# Work instruction
Every line below must be copied as written, except for pictures.

# Information shown
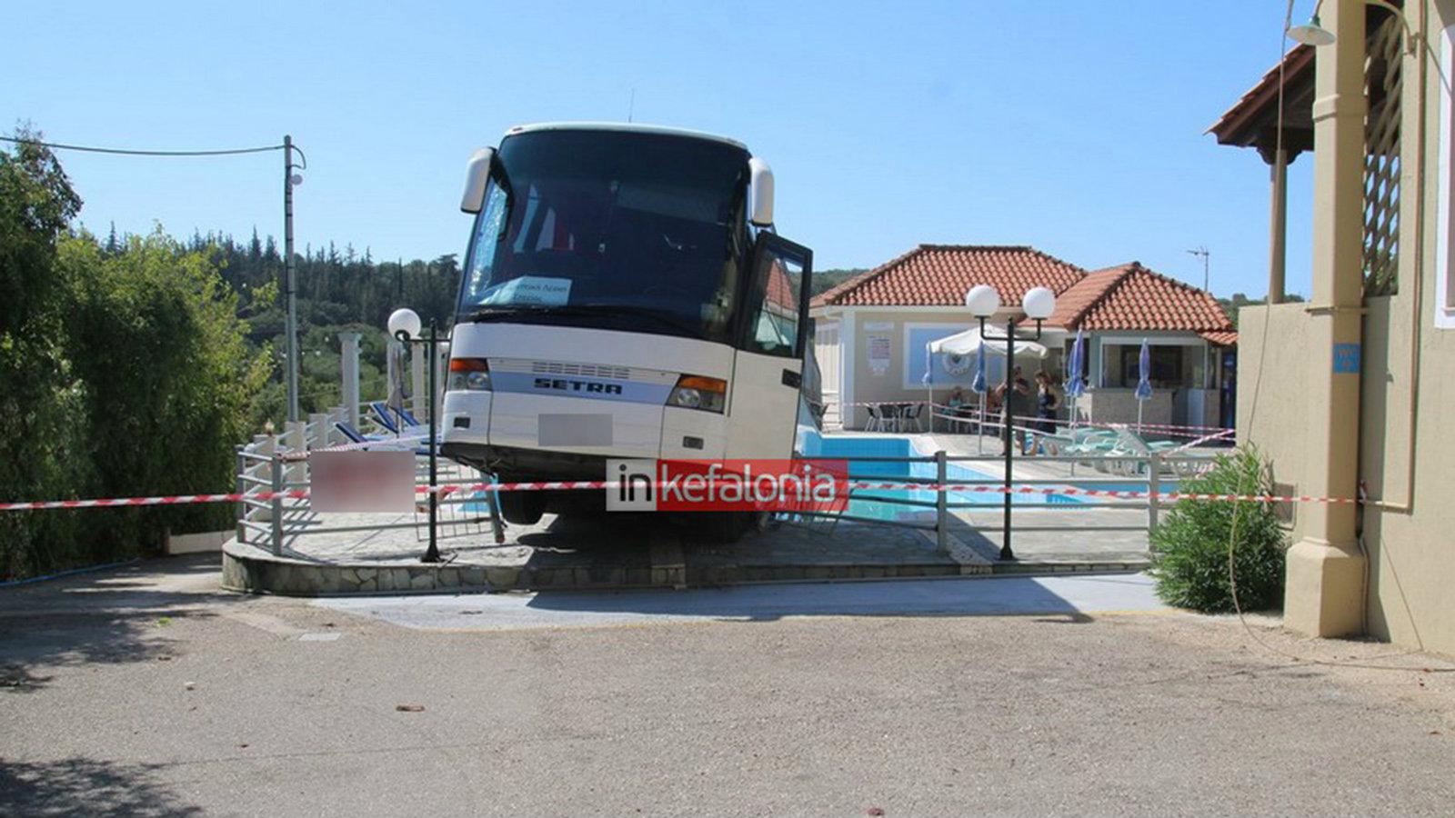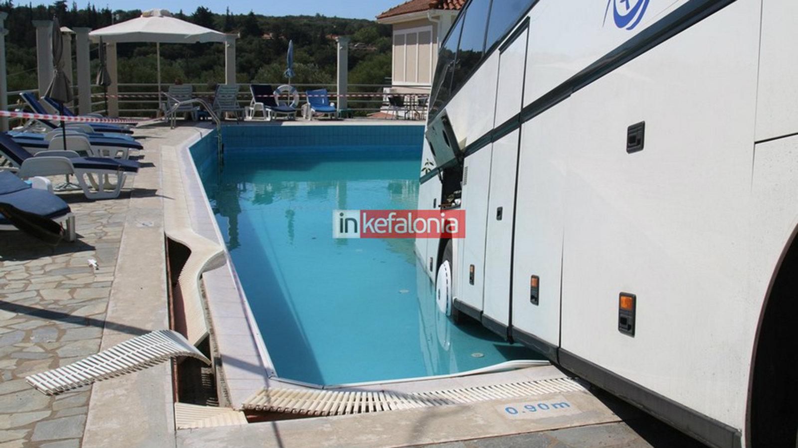 Τουριστικό λεωφορείο από την Σητεία της Κρήτης βρέθηκε να «κολυμπάει» μέσα σε πισίνα ενός ξενοδοχείου στα Τραυλιάτα της Κεφαλονιάς.
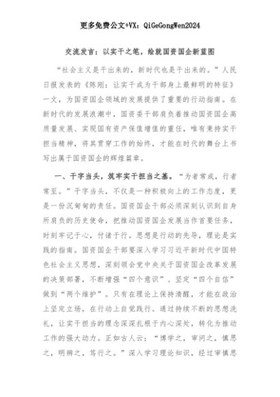 【七哥公文】2025年:交流发言:以实干之笔,绘就国资国企新蓝图+更多免费公文+VX:QiGeGongWen2024+更多免费公文+VX:QiGeGongWen2024
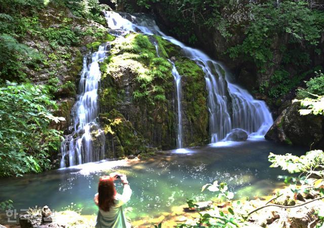삼척 미인폭포는 특유의 아름다운 빛깔로 SNS에서는 밀키스 폭포라고도 유명하며 이국적인 여행장소로 입소문이 나고 있습니다.
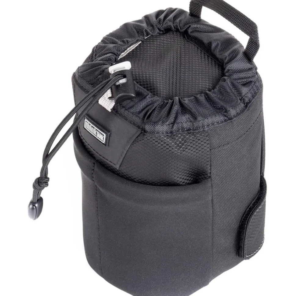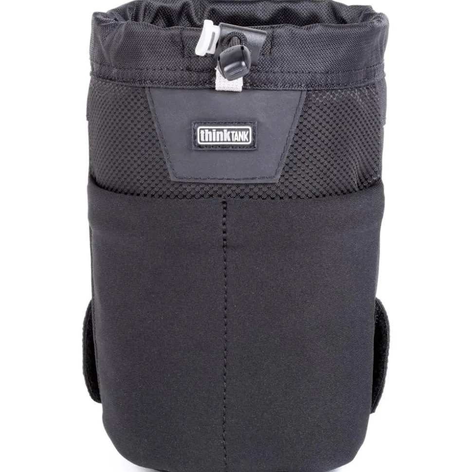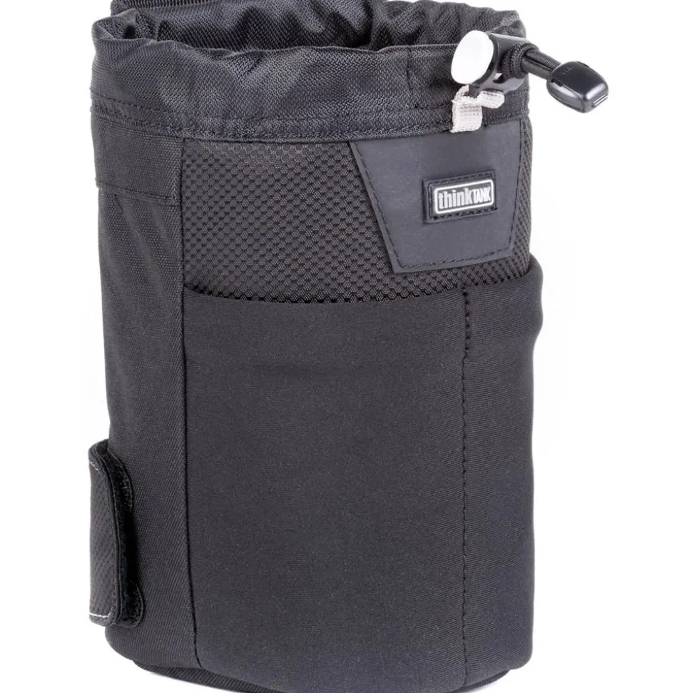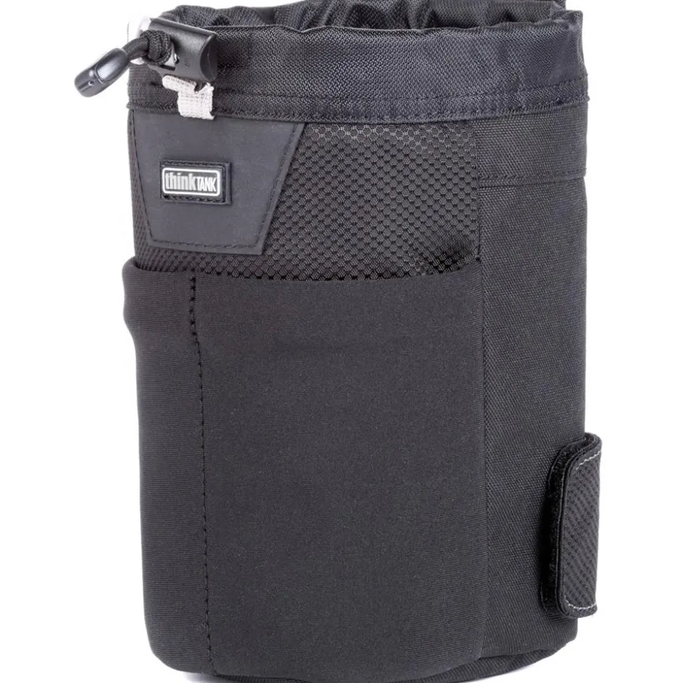 Part of the modular belt system, this black Lens Changer 25 V3.0 from Think Tank is a water-resistant nylon pouch designed for holding compact zoom lenses such as the 24-105mm f/4 and 14-24mm f/2.8 or longer primes like a 105mm macro. The lens case attaches to any optional Think Tank belt or backpack, so you can easily use it while shooting for switching lenses on the go. Made of nylon and polyester, the pouch features a water-repellent coating on the outside for increased durability, and comes with a rain cover in its bottom pocket that can be easily deployed in inclement conditions. Its mouth opens wide for quick access to your gear and closes via a simple drawstring. An outer stretch pocket is available for storing a lens cap or other small item, while a grab handle allows you to easily carry the case with your hands when needed.

# Answer to the exercise
 Τουριστικό λεωφορείο από την Σητεία της Κρήτης βρέθηκε να «κολυμπάει» μέσα σε πισίνα ενός ξενοδοχείου στα Τραυλιάτα της Κεφαλονιάς.
 【七哥公文】2025年:交流发言:以实干之笔,绘就国资国企新蓝图+更多免费公文+VX:QiGeGongWen2024+更多免费公文+VX:QiGeGongWen2024
삼척 미인폭포는 특유의 아름다운 빛깔로 SNS에서는 밀키스 폭포라고도 유명하며 이국적인 여행장소로 입소문이 나고 있습니다.
 Part of the modular belt system, this black Lens Changer 25 V3.0 from Think Tank is a water-resistant nylon pouch designed for holding compact zoom lenses such as the 24-105mm f/4 and 14-24mm f/2.8 or longer primes like a 105mm macro. The lens case attaches to any optional Think Tank belt or backpack, so you can easily use it while shooting for switching lenses on the go. Made of nylon and polyester, the pouch features a water-repellent coating on the outside for increased durability, and comes with a rain cover in its bottom pocket that can be easily deployed in inclement conditions. Its mouth opens wide for quick access to your gear and closes via a simple drawstring. An outer stretch pocket is available for storing a lens cap or other small item, while a grab handle allows you to easily carry the case with your hands when needed.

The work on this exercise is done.